HOW TO COMPLETE THIS TASK:
Ignoring every picture, return the lines of the listing below word for word, from the line that holds "通常のケアを終えた靴に、まずはプライマーを少量指塗りします。" through the line that holds "(OT1379)boa lined denim chore jacket".

(STORED DATA begins)

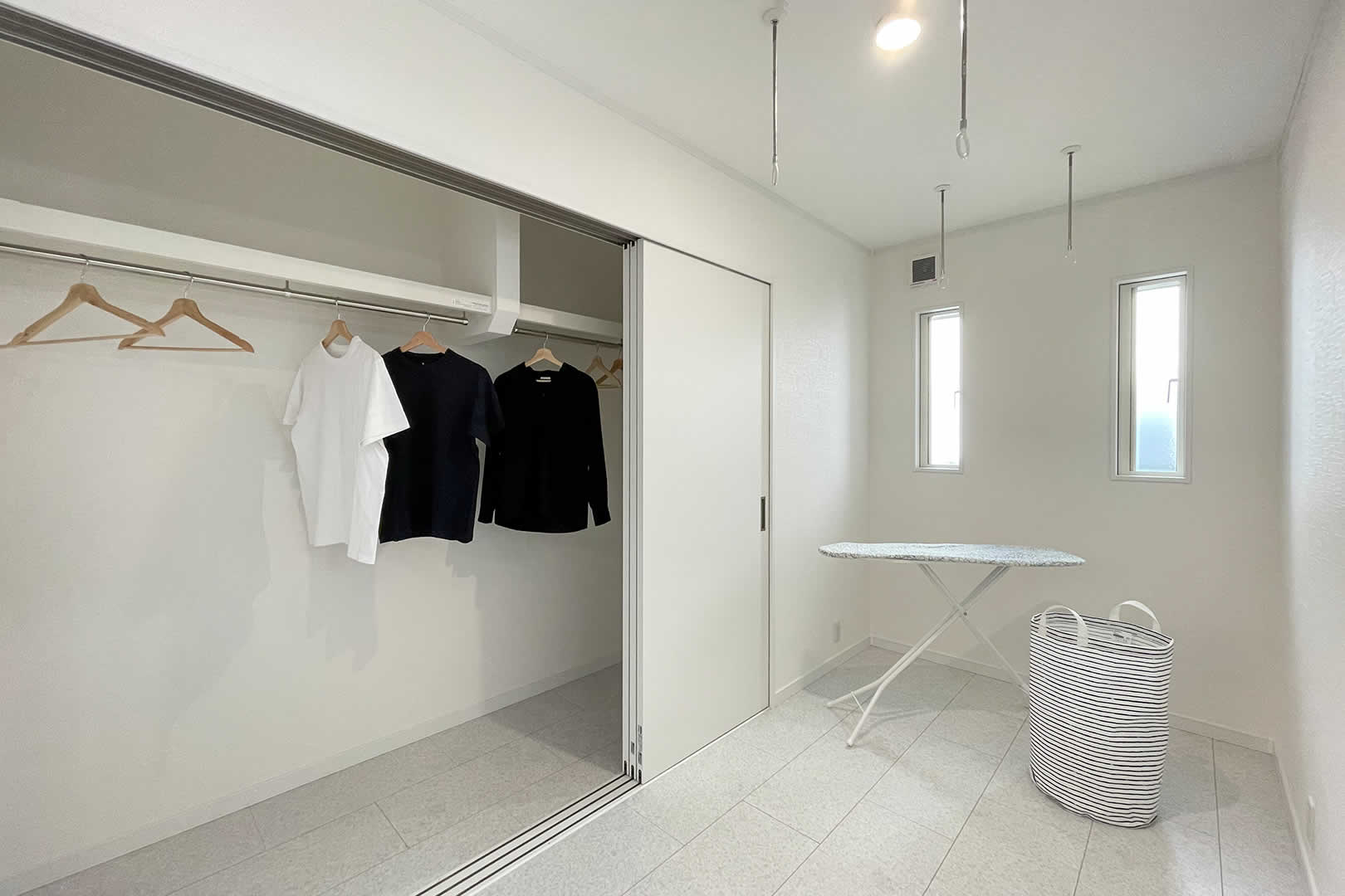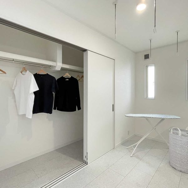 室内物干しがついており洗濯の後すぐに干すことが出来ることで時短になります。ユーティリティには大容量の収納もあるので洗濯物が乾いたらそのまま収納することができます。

(STORED DATA ends)
(STORED DATA begins)

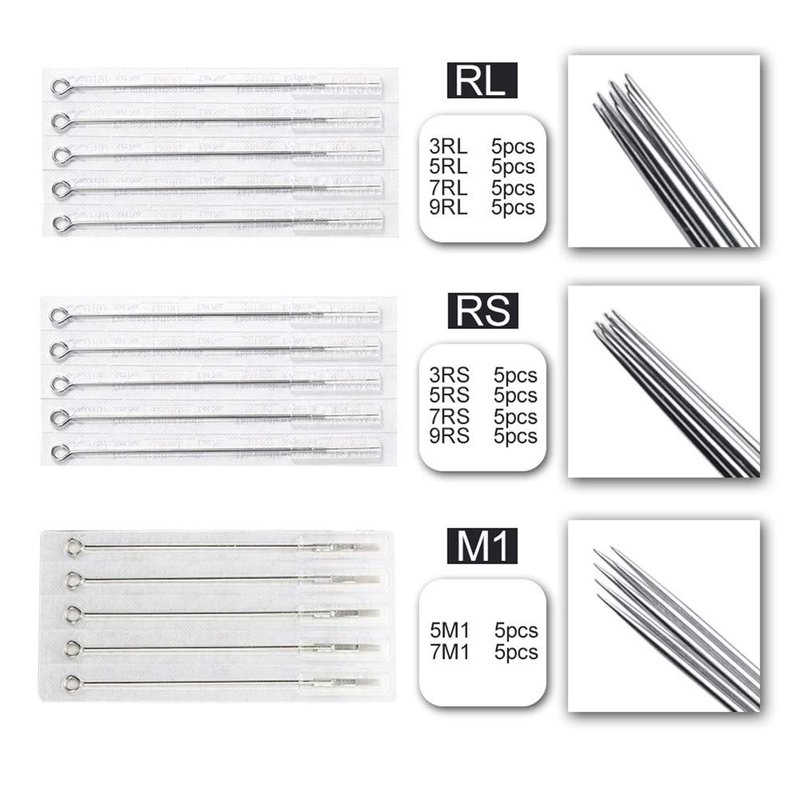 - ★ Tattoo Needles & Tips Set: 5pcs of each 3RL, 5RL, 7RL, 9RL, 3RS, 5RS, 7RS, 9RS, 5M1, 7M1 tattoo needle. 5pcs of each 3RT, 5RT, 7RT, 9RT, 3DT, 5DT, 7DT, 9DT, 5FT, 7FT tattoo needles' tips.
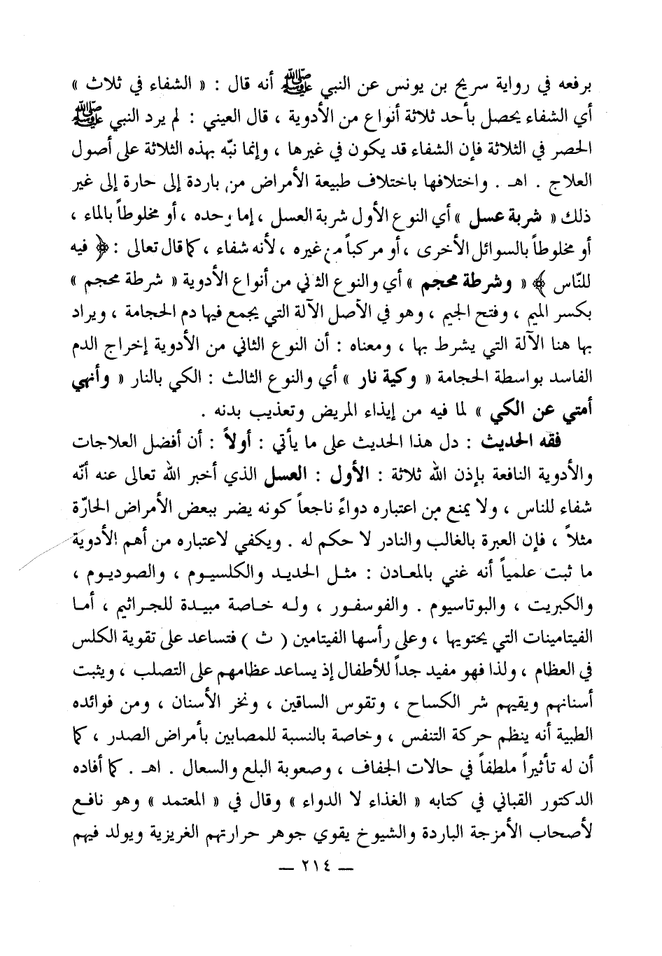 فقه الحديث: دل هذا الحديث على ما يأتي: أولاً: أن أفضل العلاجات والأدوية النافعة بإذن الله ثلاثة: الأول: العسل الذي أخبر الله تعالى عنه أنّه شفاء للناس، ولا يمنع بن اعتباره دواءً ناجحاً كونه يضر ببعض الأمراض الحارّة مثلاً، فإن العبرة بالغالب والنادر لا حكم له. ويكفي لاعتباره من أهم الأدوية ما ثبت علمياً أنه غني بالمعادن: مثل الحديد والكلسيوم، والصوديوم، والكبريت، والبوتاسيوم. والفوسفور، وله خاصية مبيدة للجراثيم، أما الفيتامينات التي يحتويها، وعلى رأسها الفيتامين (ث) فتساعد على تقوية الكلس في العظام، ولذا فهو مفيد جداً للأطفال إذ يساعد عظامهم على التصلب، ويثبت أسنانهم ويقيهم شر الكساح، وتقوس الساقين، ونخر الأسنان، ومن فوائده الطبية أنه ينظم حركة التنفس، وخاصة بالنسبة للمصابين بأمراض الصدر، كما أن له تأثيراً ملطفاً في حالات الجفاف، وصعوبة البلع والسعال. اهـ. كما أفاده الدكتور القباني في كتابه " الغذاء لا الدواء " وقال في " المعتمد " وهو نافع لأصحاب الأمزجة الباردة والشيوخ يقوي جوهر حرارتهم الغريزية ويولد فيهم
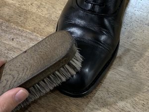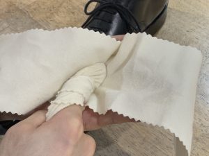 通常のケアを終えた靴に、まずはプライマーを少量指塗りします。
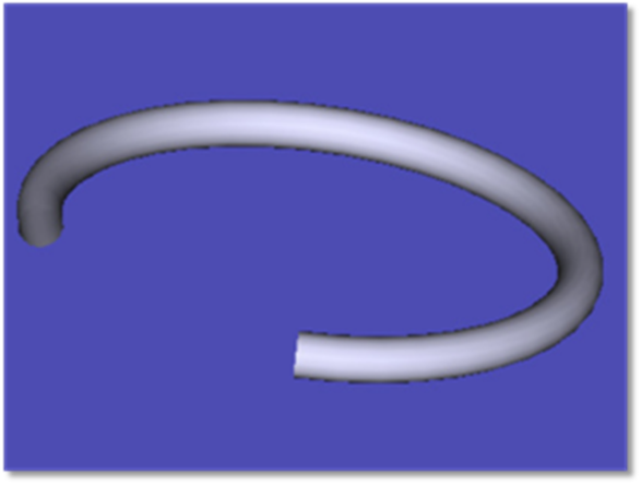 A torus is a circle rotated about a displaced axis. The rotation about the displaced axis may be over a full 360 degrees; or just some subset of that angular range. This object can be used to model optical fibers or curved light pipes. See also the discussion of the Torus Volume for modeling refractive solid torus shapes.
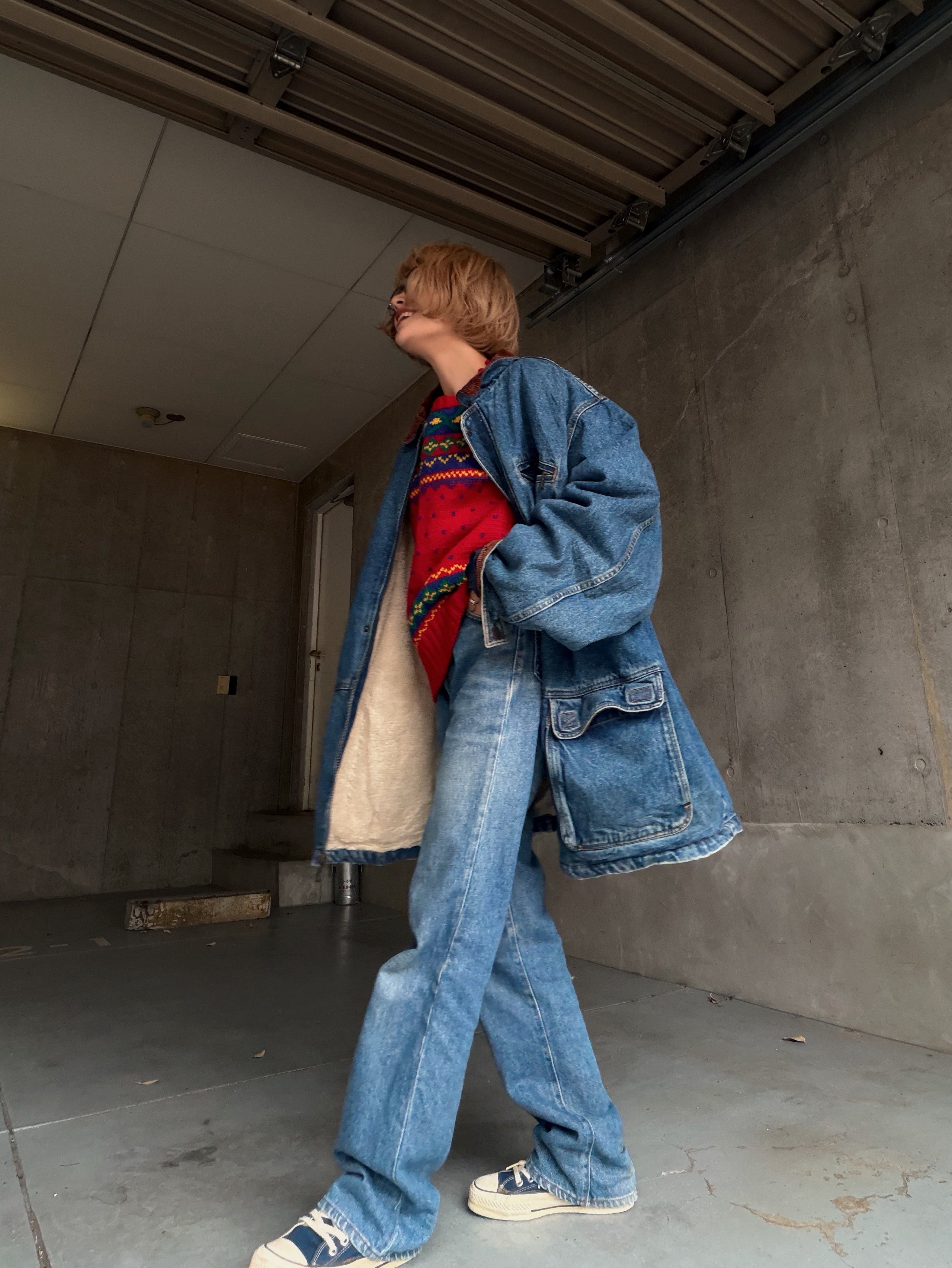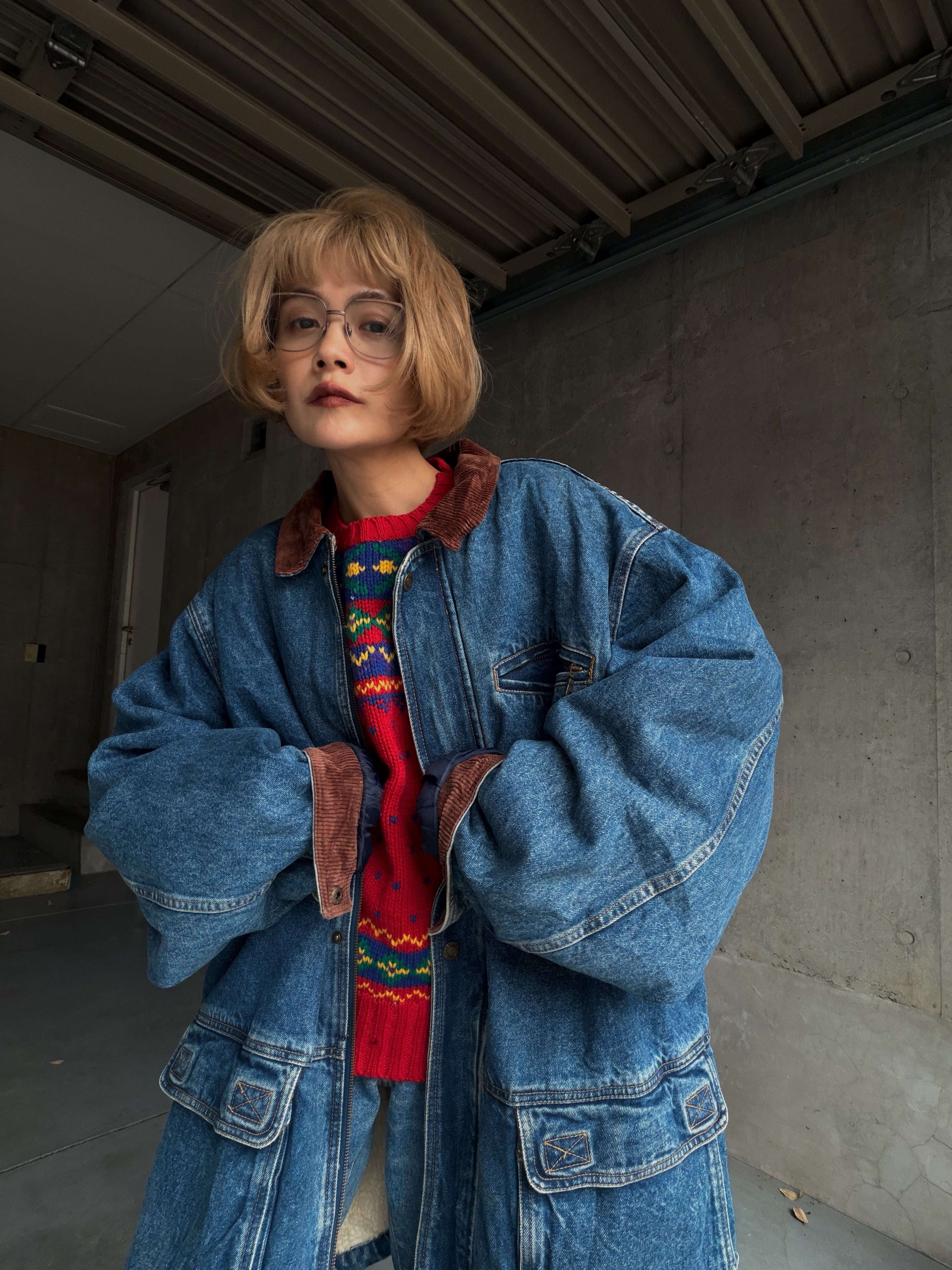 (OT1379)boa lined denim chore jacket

(STORED DATA ends)
(STORED DATA begins)

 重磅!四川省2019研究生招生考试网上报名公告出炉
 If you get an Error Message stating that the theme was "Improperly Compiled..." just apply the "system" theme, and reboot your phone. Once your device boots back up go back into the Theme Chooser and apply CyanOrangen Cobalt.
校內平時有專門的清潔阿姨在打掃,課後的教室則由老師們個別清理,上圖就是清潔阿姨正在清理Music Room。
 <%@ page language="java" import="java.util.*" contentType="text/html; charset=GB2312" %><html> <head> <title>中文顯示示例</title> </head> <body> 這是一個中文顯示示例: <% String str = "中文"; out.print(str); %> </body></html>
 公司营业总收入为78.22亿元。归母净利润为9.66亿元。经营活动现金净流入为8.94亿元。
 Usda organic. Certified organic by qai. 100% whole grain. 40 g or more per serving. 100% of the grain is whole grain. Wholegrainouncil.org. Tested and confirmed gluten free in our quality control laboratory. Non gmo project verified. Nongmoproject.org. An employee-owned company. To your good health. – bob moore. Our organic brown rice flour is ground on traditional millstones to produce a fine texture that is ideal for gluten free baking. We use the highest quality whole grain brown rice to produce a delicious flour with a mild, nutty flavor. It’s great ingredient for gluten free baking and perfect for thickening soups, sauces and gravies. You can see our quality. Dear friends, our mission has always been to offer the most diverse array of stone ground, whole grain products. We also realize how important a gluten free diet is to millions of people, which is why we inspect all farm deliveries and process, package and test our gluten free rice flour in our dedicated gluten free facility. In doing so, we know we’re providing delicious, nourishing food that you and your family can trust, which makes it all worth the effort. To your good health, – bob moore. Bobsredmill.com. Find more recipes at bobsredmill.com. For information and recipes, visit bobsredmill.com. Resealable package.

(STORED DATA ends)

WRITTEN ANSWER:
 通常のケアを終えた靴に、まずはプライマーを少量指塗りします。
 A torus is a circle rotated about a displaced axis. The rotation about the displaced axis may be over a full 360 degrees; or just some subset of that angular range. This object can be used to model optical fibers or curved light pipes. See also the discussion of the Torus Volume for modeling refractive solid torus shapes.
 (OT1379)boa lined denim chore jacket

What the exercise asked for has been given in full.